Badran bringt Maurer damit etwas ins Dilemma, denn Jeremias Gotthelf wird bei der SVP, insbesondere von Christoph Blocher, vergöttert. Dass sie ausgerechnet mit Gotthelf Bundesrat Maurer vom Nutzen der modernen Medizin überzeugen will, ist etwas frech.
Aber sie hätte dazu wohl sogar den Segen von Gotthelf-Experte Blocher. Dieser lobt gerne landauf, landab, in Sonntagsreden vor zahlreichem Publikum den «unbequemen Querdenker». «Gotthelf wusste: Manchmal muss man laut und unanständig sein», so Blochers Erkenntnis. Nur widerspricht in seinem Roman der Querdenker Gotthelf den Querdenkern von 2021.
Wer Parallelen sucht, der findet
Ob Maurer die DVD auch anschaut: Zweifel sind angebracht. Schliesslich widmet er sich lieber einem «guten Buch», als TV zu schauen, geschweige denn ein DVD-Gerät zu bedienen. Tut er es, wird er erkennen: Hinter Gotthelf, Maurer und Corona steckt noch viel mehr.

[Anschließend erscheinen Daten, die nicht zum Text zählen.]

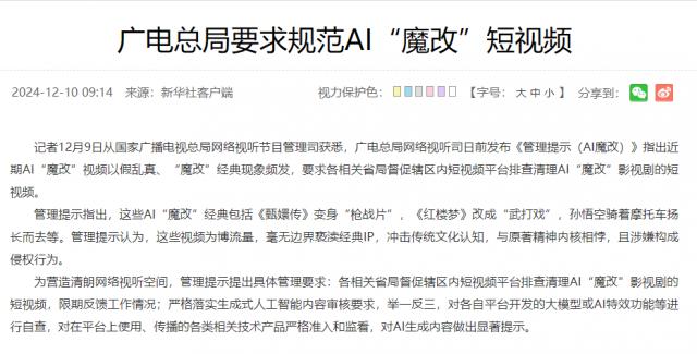 针对这种现象,12 月 7 日本,广电总局网络视听司发布《管理提示(AI 魔改)》,明确提出,这些视频为了获得流量,没有底线篡改经典作品,与原有的精神内核背道而驰,涉嫌侵权。同时,《管理提示》还提出了具体的管理要求,包括督促短视频平台进行调查和清理 AI 影视剧《魔改》短片,认真落实生成式人工智能内容审核要求等。

Man muss dazu gar nicht die berühmteste Gotthelf-Verfilmung «Ueli der Knecht» bemühen. «Anne Bäbi Jowäger» tut es nämlich auch. Eine wichtige Figur darin ist die Seifenverkäuferin namens Maurer-Vreni. In der Verfilmung von Franz Schnyder von 1960 wird sie gespielt von Anneliese Egger. Sie erhielt Rollen in Schnyder-Filmen durch ihre Kollegin am Berner Atelier-Theater, Linda Geiser.
Diese spielt im selben Film die Lisi vom Ziberlihoger und ist die heute wohl bekannteste Schauspielerin der Schnyder-Besetzung. Geiser spielte nämlich auch Johanna Blanc bei «Lüthi und Blanc». Geboren ist sie 1935 in Köniz bei Bern, wo auch der Sitz des… BAG ist. Soll noch einer sagen, an Verschwörungstheorien sei nichts dran.